The judge tells another scenario – this time, a real one, about a boy detained by the first instance court for threatening to kill his mother. However, the mother appears for the second instance and tells about her dramatic divorce, which has impacted the child very badly. He started abusing drugs. She tried to get him out of this atmosphere, but she had no success. She looked for help from the school and the social services. At the end of the day, she was given the advice to refer to the prosecution and ask for compulsory treatment under the Health Law. Instead, however, the prosecution filed a murder threat case.

"Instead of defending my child, they made me stand up to him,"
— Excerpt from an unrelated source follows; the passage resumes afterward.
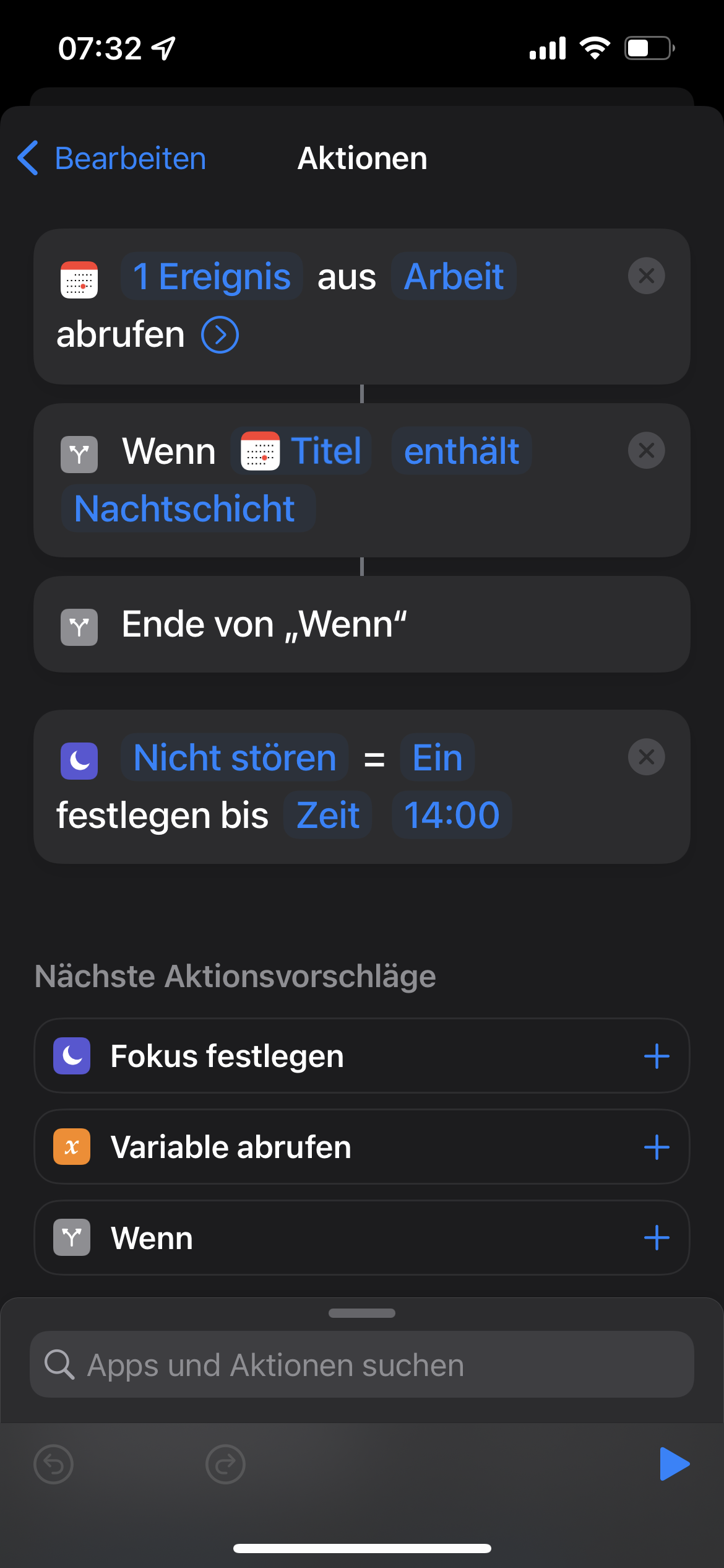 Die Hoffnung stirbt zuletzt, vielleicht kommt nextes ios-Update und der Kalendereintrag steuert den Focus, bzw. führt Kurzbefehle aus.

the mother cries in the court. The magistrates sign specific social measures, which would apply immediately and help the mother and child.

 

In Bulgaria, the current legislation does not meet the established international criteria and standards for the protection of the rights of the child, namely that justice should be in line with the interests of the child, as the Ombudsman Diana Kovacheva recently wrote to the Minister of Justice Nadezhda Yordanova. “Today, Bulgaria continues to be strongly criticized for the lack of reforms in the field of juvenile justice. In its educational impact, the juvenile justice system is conservative, built on an outdated and long-rejected understanding of the legal status of children in conflict with the law,” Kovacheva points out and reminds us about the two EU directives, which need to be transposed in Bulgarian legislation to guarantee justice in line with the rights and interests of children.

Kovacheva also pleads for the closing of correctional educational institutions, where children's childhood is spent behind bars. "Sega" asked for a comment from the Ministry of Justice, but no response was given.